Extracted material:

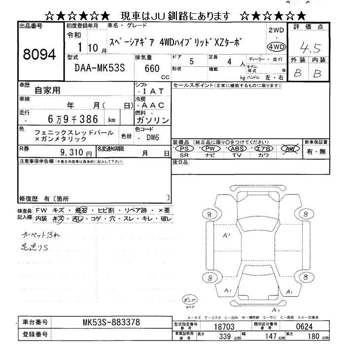 Все аукционы SUZUKI SPACIA GEAR
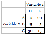 A Variable 2 B C Variable 1 DE 10 15 30 20 5 15
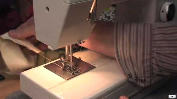 Regresar a la máquina de coser, usted establece una longitud de puntadas largas y sueltas y comenzar a coser el lado abierto. Asegúrese de no bloquear su puntada cuando comience. Una vez se llega a la licencia de la parte inferior usted mismo algunos hilos de cola larga.
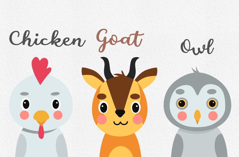 1. Cow 2. Frog 3. Pig 4. Owl 5. Chicken
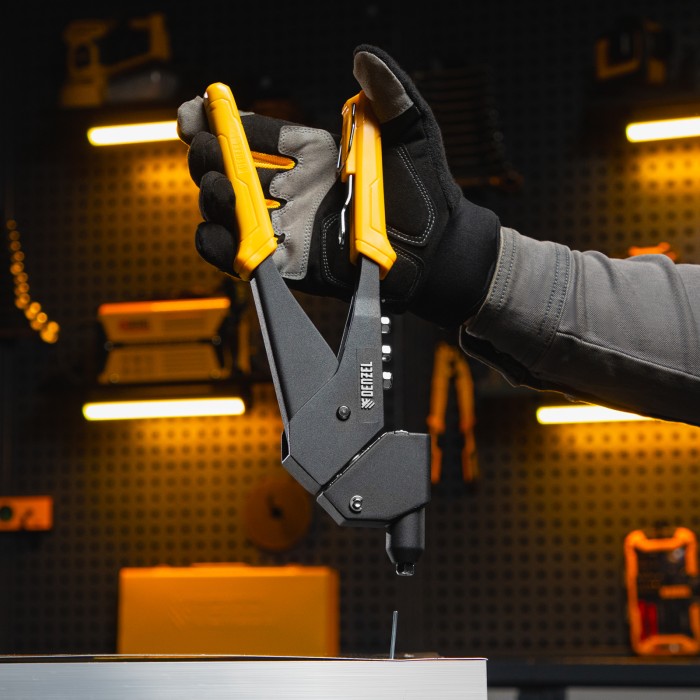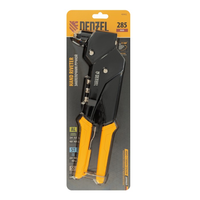 Заклепочник ручной литой Denzel 40442 длиной 285 мм, поворотный на 0-360°, используется для создания неразъемных соединений с помощью алюминиевых вытяжных заклепок диаметром 2,4-3,2-4,0-4,8 мм, стальных диаметром 2,4-3,2-4,0 мм и вытяжных заклепок из «нержавейки» диаметром 2,4-3,2 мм. Голова инструмента вращается на 360°, что упрощает работу в стесненных условиях. Заклепочник пригодится на производстве, в ремонтной мастерской, а также в быту.ПреимуществаПрочность и долговечность — корпус из алюминиевого сплава устойчив к механическим нагрузкам.Надежность — трехсегментный цанговый механизм из прочной стали 35Х крепко удерживает вытяжную шпильку заклепки.Безопасность — фиксатор рукоятки предотвращает случайное срабатывание инструмента во время транспортировки и позволяет сэкономить место для хранения.Готовность к работе — в комплект поставки включены сменные головки для заклепок разного размера и ключ для замены насадок.Продуманное хранение сменных насадок — головки крепятся на корпус, поэтому они всегда будут под рукой и не потеряются.Комфортная работа — эргономичные рукоятки с рельефной поверхностью надежно ложатся в руку.
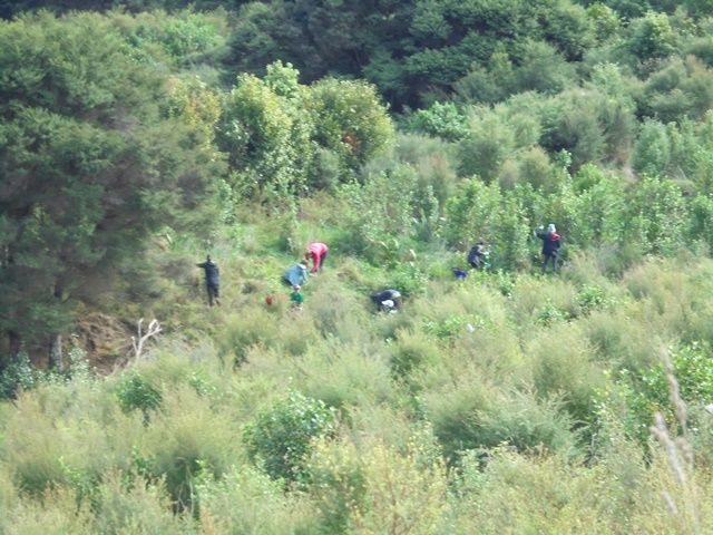 The crates of plants had been previously brought up and the group broke into teams. Each team took a crate and disappeared into the bush to find good planting spots.

Assignment:
Please repeat exactly the data above from its first line to the line that contains "1. Cow 2. Frog 3. Pig 4. Owl 5. Chicken", inclusive, and leave every picture out.

Solution to this problem:
 Все аукционы SUZUKI SPACIA GEAR
 A Variable 2 B C Variable 1 DE 10 15 30 20 5 15
 Regresar a la máquina de coser, usted establece una longitud de puntadas largas y sueltas y comenzar a coser el lado abierto. Asegúrese de no bloquear su puntada cuando comience. Una vez se llega a la licencia de la parte inferior usted mismo algunos hilos de cola larga.
 1. Cow 2. Frog 3. Pig 4. Owl 5. Chicken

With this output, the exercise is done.